**PROBLEM:** Below are the records; give again exactly the line with "今日の給食献立は、「大和煮」「はんぺん汁」「ご飯」「牛乳」です。", the line with "近日,位于邢台经济开发区的邢台金风科技有限公司工人在组装风力发电机组部件。", and each line that lies between them, and nothing besides.

**INPUT MATERIAL:**
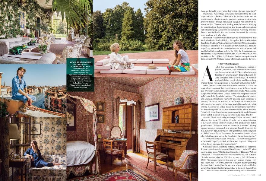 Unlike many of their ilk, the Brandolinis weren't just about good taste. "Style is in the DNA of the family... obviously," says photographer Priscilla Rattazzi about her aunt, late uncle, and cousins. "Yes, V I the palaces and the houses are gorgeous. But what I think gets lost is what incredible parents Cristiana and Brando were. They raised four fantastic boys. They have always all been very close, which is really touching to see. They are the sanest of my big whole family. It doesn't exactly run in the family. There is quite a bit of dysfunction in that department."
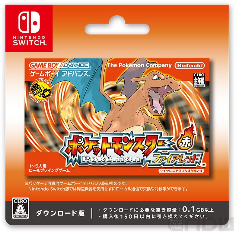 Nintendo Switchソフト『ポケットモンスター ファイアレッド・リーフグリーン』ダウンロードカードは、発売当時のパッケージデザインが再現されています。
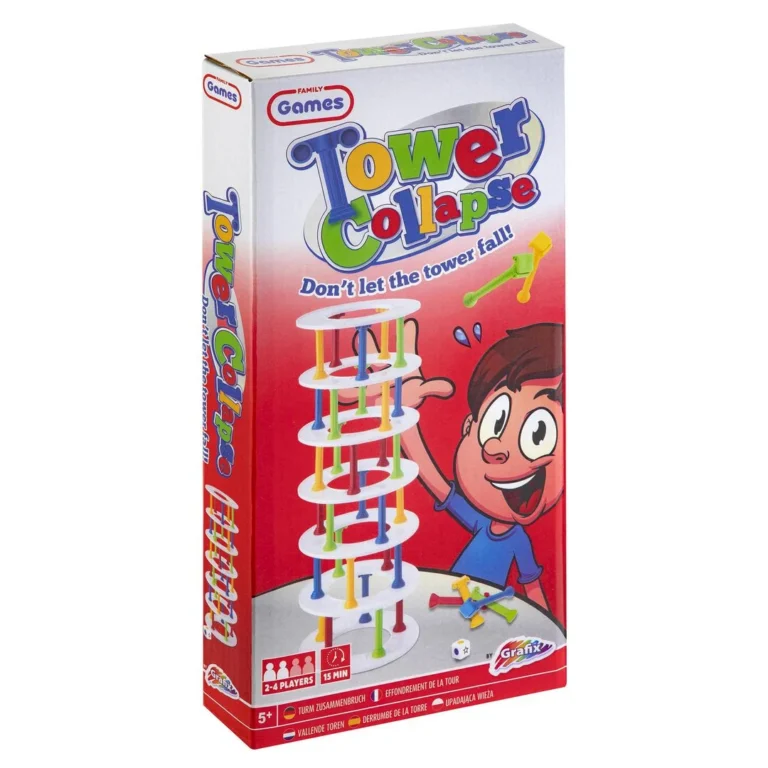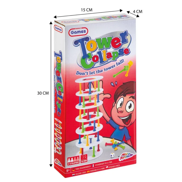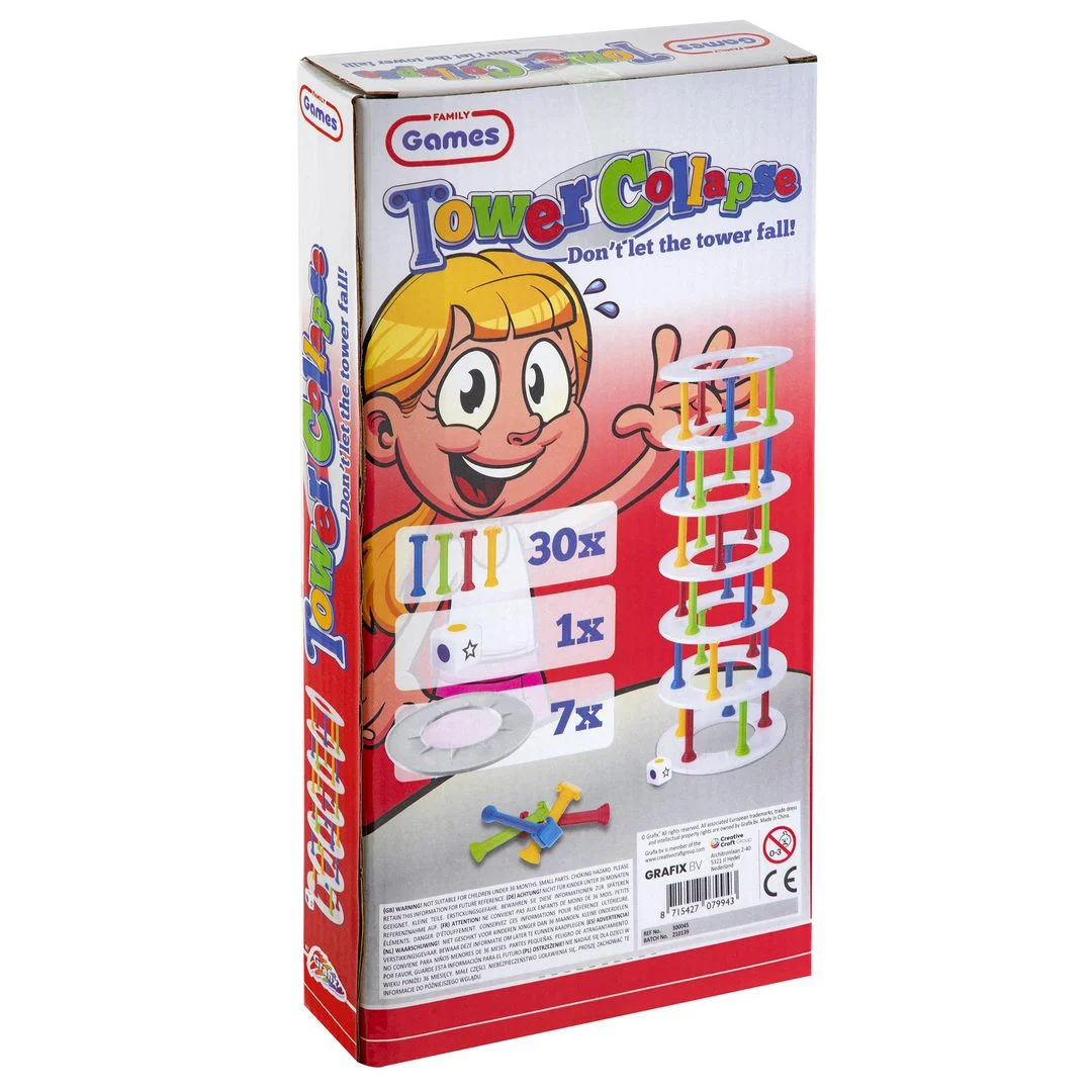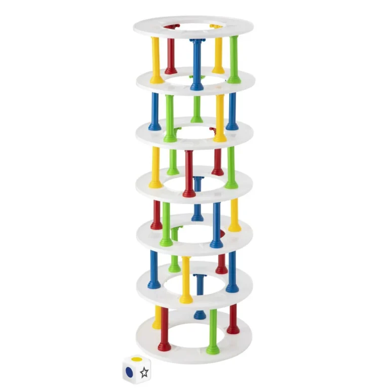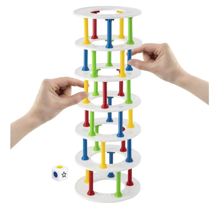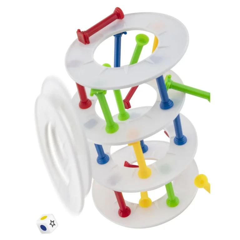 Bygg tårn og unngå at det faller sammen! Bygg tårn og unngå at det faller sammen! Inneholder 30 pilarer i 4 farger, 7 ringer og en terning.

==

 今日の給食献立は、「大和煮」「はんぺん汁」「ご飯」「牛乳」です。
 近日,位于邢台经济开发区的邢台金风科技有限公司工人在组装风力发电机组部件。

**RESULT OF THIS TASK:**
 今日の給食献立は、「大和煮」「はんぺん汁」「ご飯」「牛乳」です。
 近日,位于邢台经济开发区的邢台金风科技有限公司工人在组装风力发电机组部件。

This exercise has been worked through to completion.